Broccy's _Dreams 1977-83_ are now available in paperback.  They make for fairly dull reading, mind you.



El escoces said:


> So we've acquired a Reverend Modder and, er....a flibbertygibbit, a will o' the wisp, a clown (but, at the end of the day, a sunbeam)


Sadly, Scottie Dear, as ever I have _absolutely no idea _what you're talking about.  Perhaps you're incinerating something.  I just don't know.



cycloneviv said:


> supacal_*i*_fragalisticexpialidocious! Can one of you two rookie Mods edit my spelling for me?


Ditto, Vivi.



Joelline said:


> We in EO promise that we'll try to behave!

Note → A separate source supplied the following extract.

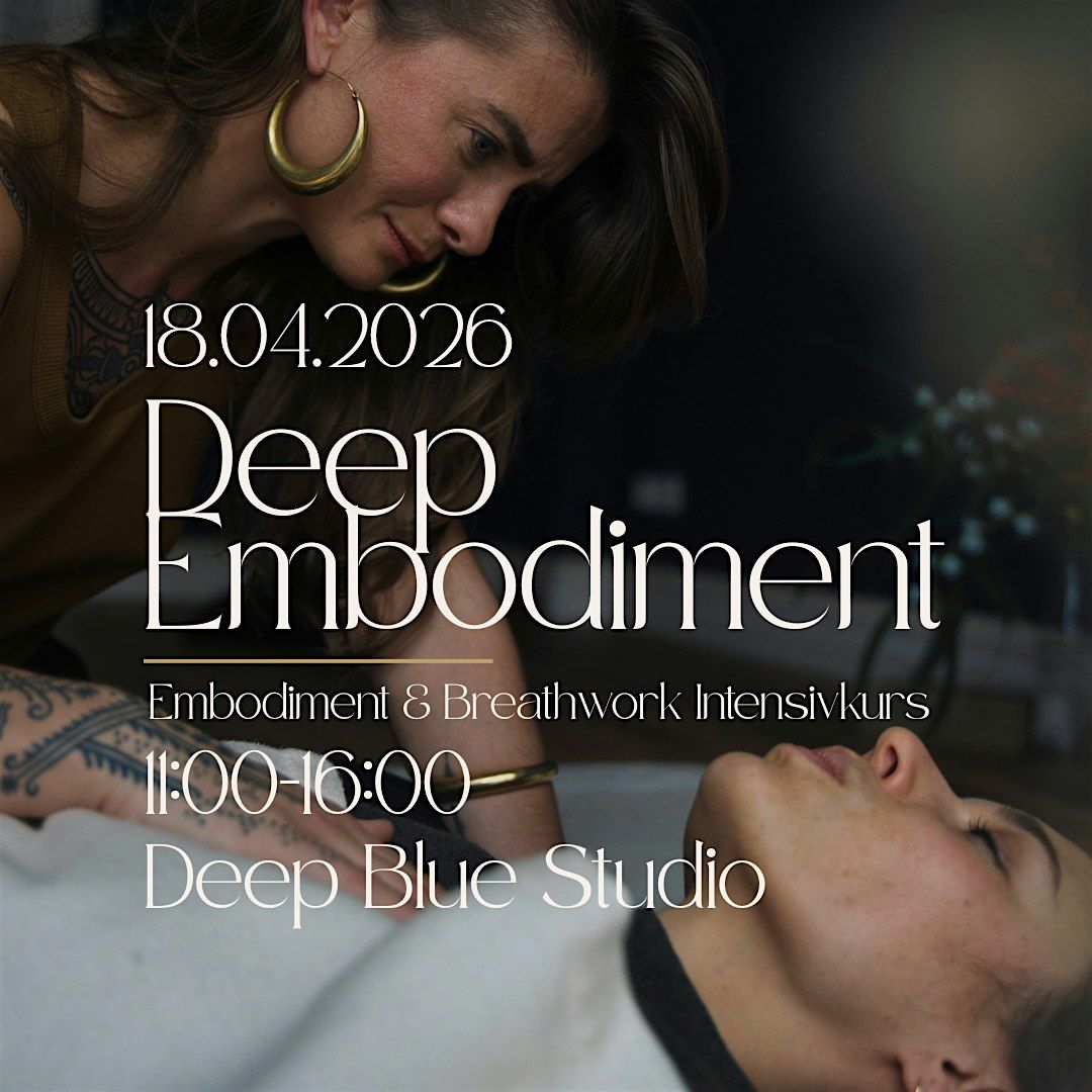 Deep Embodiment vereint intuitive Bewegungen und den verbundenen Atem mit spiritueller Medialität. In der Essenz ist es ein Aufwachraum, in dem die Seele tief verkörpert werden kann. Die Symbiose aus intuitiven Bewegungen und dem verbundenen Atem machen es möglich, alte emotionale und körperliche Speicherungen sowie destruktive Glaubenssätze in das Licht des Bewusstseins zu bringen, um diese zu transformieren. Es ist eine Einladung zur Selbstermächtigung, die Verantwortung für die eigenen Gefühle, Handlungen und Glaubenssätze bewusst zu übernehmen. Der verbundene Atem lehrt dich, dich selbst zu führen und zu halten.

Ooh no! don't do that, Joelline! ~ I'd feel so left out ...


----------



## Joelline

I said we'd try; I didn't say we'd succeed!


  Oh, Oh, bad Joelline is off topic! (but she's not in the EO forum!)  Delete me, Ewie; Smite me Nun-T!


----------



## una madre

I'm a relatively new poster to this forum but can already see the benefits of having Ewie and Nun-Translator as Mods.   Congratulations to you both.


----------



## avok

coppergirl said:


> Congrats to you both!
> 
> I'm sure you'll both make absolutely excellent moderators.


 
That I am sure of!!


----------



## anangelaway

Félicitations à tous les deux ! Et bon courage !


----------



## AngelEyes

*CLUNK!!!*​ 
*That was me falling on the floor and knocking myself out!*
_...and I spilled my glass of wine in the process..._​ 
*So, let's see, we've got the cool Modder Superior*
*walking around and making sure*
*we kids behave ourselves.*
*Well, she's nothing like the...uh...Drill Sargeants who taught me,*
*so I'm thrilled to have her around!!!*
*Congratulations, Nun-Translator.*​ 
*But...what the _________???*​ 
*You've given the keys to the class cut-up,*
*Ewie????*​ 
*Why, Ewie-Dewie, *
*what bollocks did you spout to achieve this?*
*And did you come clean and tell them what your middle name really is:*
*Off-Topic*
*But hey, Ewester, I couldn't be happier. Congratulations, Pet.*
*And this should be interesting...*​ 
*AngelEyes*​


----------



## Kibramoa

Congratulations Nun-Translator and Ewie on your new duties.  

*
 *


----------